Figure 1: 10-Year U.S. Treasury Constant Maturity Rate from January 1962 to April 21, 2015 (in %)

10-Year U.S. Treasury Constant Maturity Rate from January 1962 to April 21, 2015 (in %)

In December 2014, the Bank for International Settlements said that “market liquidity is structurally lower now than it was in the past” and warned that “there are a number of investors buying assets on the presumption of a level of liquidity which is not there”. The Bank of England and the IMF in its April issue of Global Financial Stability Report, also warned against global liquidity shock, which could cause violent repercussions if funding costs are no longer close to zero.
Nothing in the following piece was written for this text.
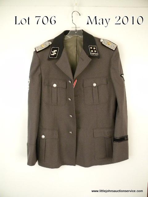 Lot of two high ranking SS officer’s service tunics, studio or costume pieces. Excellent condition. A quality manufacture, but not authentic to the period. Est: $300 - $600

If the pace and scale of its tightening are not correctly anticipated by the investors, the possible Fed’s hike could trigger a sell-off in the bond markets similar to the U.S. bond crash in 1994.

Investors should remember that it was a liquidity shock within the shadow banking system, which caused the last economic crisis, and that some parts of the world economy can be even more vulnerable to a financial shock than it was in 2007-2008. The total amount of global debt has risen by $35 trillion since the last crisis, debt ratios to GDP in the developed economies have risen by 20 percent, and margin debt as a percentage of market capitalization is higher than it was during the late 1990s stock market bubble.

It seems that there are three main risk factors, which could significantly affect the international financial markets and, thus, gold prices. First, as we have already pointed out, further appreciation of the U.S. dollar and decline in commodity prices put more pressure on the companies from emerging markets, which were borrowing heavily in greenbacks. Indeed, according to BIS’ working paper, “since the global financial crisis, outstanding dollar credit to non-bank borrowers outside the US has risen by half, from USD 6 trillion to USD 9 trillion”, while energy and commodity firms account for more than a third of nonfinancial corporate bonds issued in emerging markets in hard currency since 2007.

Second, a fall in oil prices could further undermine credit quality in a worldwide high-yield debt market. According to the BIS “the debt borne by the oil and gas sector has increased two and a half times over, from roughly $1 trillion in 2006 to around $2.5 trillion in 2014”, and the price of oil is a proxy for the value of the underlying assets that underpin that debt. Its recent decline may have caused significant financial perturbations. Indeed, since June 2014, when oil prices started falling, the total returns on energy-related bonds in the Barclays High-Yield Index fell by 13 percent (in January 2015). Meanwhile, according to the IMF, energy-related bonds (both high-grade and high-yield) account for 56 percent of the bonds trading at distressed levels. Investors should be aware that bankruptcies in the energy sector usually lag oil price crashes by about a year since mining companies generally hedge their output on the futures markets for such horizons.

Third, a decline in the oil prices could lower investable oil reserves. In 2014, oil-exporter reserves contracted $88 billion. The so-called petrodollars have been an important source of global liquidity: soil-exporting countries have doubled their banking deposits in BIS reporting banks since 2014 and now hold more than $2 trillion in U.S. assets. For the first time in twenty years, OPEC countries will be withdrawing liquidity from the market. It is estimated that oil-rich countries will sell more than $200 billion of assets this year and more than $800 billion over the next three. The precise impact of drying up petrodollars is not certain; however it would diminish support for U.S. (and European) asset prices. It is true that the losses of oil exporters should to some extent be counterbalanced by gains of oil importers; however there may be some market repercussions due to portfolio rebalances.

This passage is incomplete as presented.